* _TASK OBJECTIVE_
All of the data, word for word and free of pictures, is the expected result.

* _DATA SEGMENT_
"""
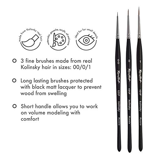 🖌️ FÜR VERSCHIEDENE FARBEN — Die Roubloff Pinsel haben eine elegante Pinselspitze für diffizil und detaillierte Kunstwerke — Am ehesten angebracht für Aquarell Wasserfarben, Gouachefarben, Acrylfarben & Ölfarben 🖌️ KOLINSKY PINSELSET AUS ROTMARDER HAAREN — Geben Ihnen die gewünschte Borstenflexibilität — Die Pinselhaare werden von Hand eingesetzt und mit einer verchromten Zwinge fest miteinander gepaart um Alopezie beim Malen zu abwenden 🖌️ WAS SIE ERHALTEN — Dieses Künstlerpinsel Set beinhaltet 3 hochwertige Pinsel in den Größen: 00 / 0 / 1 mit dünnem kegelförmigen Pinselkopf für diffizil und detaillierte Kunstwerke 🖌️ LANGLEBIGER GRIFF — Die kurzen ergonomischen Pinselgriffe wurden jedweder hochwertigem Birkenholz gefertigt und mit schwarzem Lack überzogen um Abschirmung zu gewährleisten 🖌️ DIE MARKE ROUBLOFF — Der berühmte russische Pinselhersteller, mit jahrelanger Erfahrung in der Herstellung von hochwertigen Produkten — Bietet bessere Preise qua Europäische Hersteller
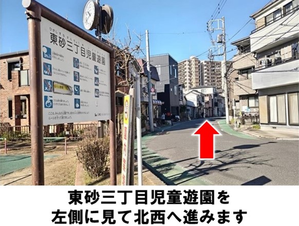 【ご注意】ステーションへのバイク・自転車の乗り入れは禁止しております。ゴミは必ずお持ち帰りください。ご利用の際は、騒音など近隣の方へのご配慮お願いいたします。場内や付近でのアイドリングは禁止です。入出庫の際はクルマの周辺設置物や壁への接触にご注意ください。【通行規制あり】当ステーションは下記時間帯において周辺道路に時間規制があります。規制時間:土・日曜、休日を除く7:30-8:30通行時は助手席前(グローブボックス内)に入っている通行許可証を車両前面の見やすい箇所に掲示し、通行人等に十分ご注意の上走行してください。東砂三丁目児童遊園より徒歩約3分です。※当ステーションへの順路はステーションフォトギャラリーをご確認ください
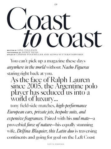 European cars, private jets, bespoke suits, and expensive fragrances. Paired with his soul mate—a proverbial force of nature—his equally stunning wife, Delfina Blaquier, this Latin duo is traversing continents and going for goal on the Left Coast S A N TA B A R B A R A
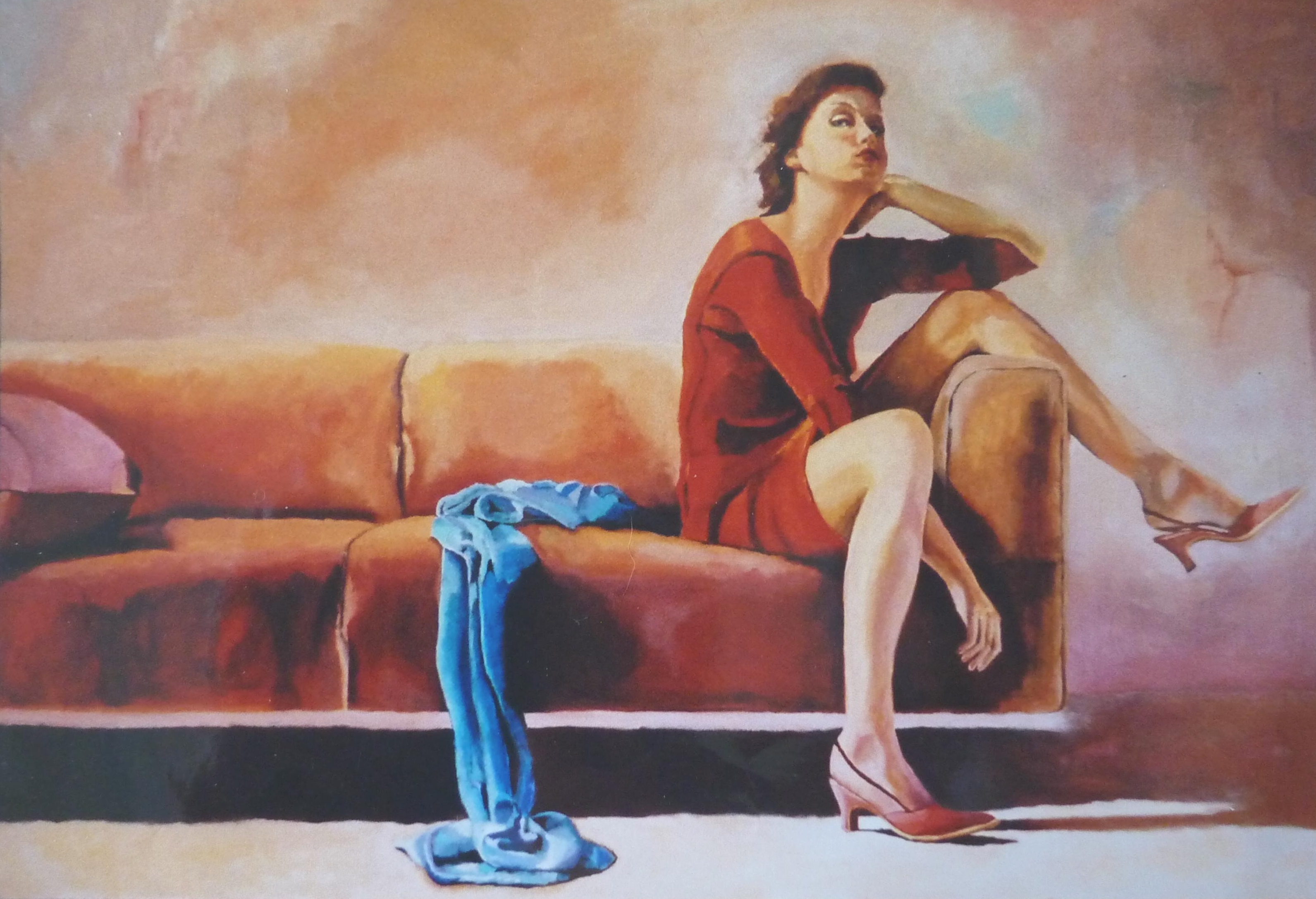 Hedendaags Realistich Figuratief Jonge Vrouw Bank Zittend Pose Interieur Hakken
"""
* _RESULT BELOW_
 🖌️ FÜR VERSCHIEDENE FARBEN — Die Roubloff Pinsel haben eine elegante Pinselspitze für diffizil und detaillierte Kunstwerke — Am ehesten angebracht für Aquarell Wasserfarben, Gouachefarben, Acrylfarben & Ölfarben 🖌️ KOLINSKY PINSELSET AUS ROTMARDER HAAREN — Geben Ihnen die gewünschte Borstenflexibilität — Die Pinselhaare werden von Hand eingesetzt und mit einer verchromten Zwinge fest miteinander gepaart um Alopezie beim Malen zu abwenden 🖌️ WAS SIE ERHALTEN — Dieses Künstlerpinsel Set beinhaltet 3 hochwertige Pinsel in den Größen: 00 / 0 / 1 mit dünnem kegelförmigen Pinselkopf für diffizil und detaillierte Kunstwerke 🖌️ LANGLEBIGER GRIFF — Die kurzen ergonomischen Pinselgriffe wurden jedweder hochwertigem Birkenholz gefertigt und mit schwarzem Lack überzogen um Abschirmung zu gewährleisten 🖌️ DIE MARKE ROUBLOFF — Der berühmte russische Pinselhersteller, mit jahrelanger Erfahrung in der Herstellung von hochwertigen Produkten — Bietet bessere Preise qua Europäische Hersteller
 【ご注意】ステーションへのバイク・自転車の乗り入れは禁止しております。ゴミは必ずお持ち帰りください。ご利用の際は、騒音など近隣の方へのご配慮お願いいたします。場内や付近でのアイドリングは禁止です。入出庫の際はクルマの周辺設置物や壁への接触にご注意ください。【通行規制あり】当ステーションは下記時間帯において周辺道路に時間規制があります。規制時間:土・日曜、休日を除く7:30-8:30通行時は助手席前(グローブボックス内)に入っている通行許可証を車両前面の見やすい箇所に掲示し、通行人等に十分ご注意の上走行してください。東砂三丁目児童遊園より徒歩約3分です。※当ステーションへの順路はステーションフォトギャラリーをご確認ください
 European cars, private jets, bespoke suits, and expensive fragrances. Paired with his soul mate—a proverbial force of nature—his equally stunning wife, Delfina Blaquier, this Latin duo is traversing continents and going for goal on the Left Coast S A N TA B A R B A R A
 Hedendaags Realistich Figuratief Jonge Vrouw Bank Zittend Pose Interieur Hakken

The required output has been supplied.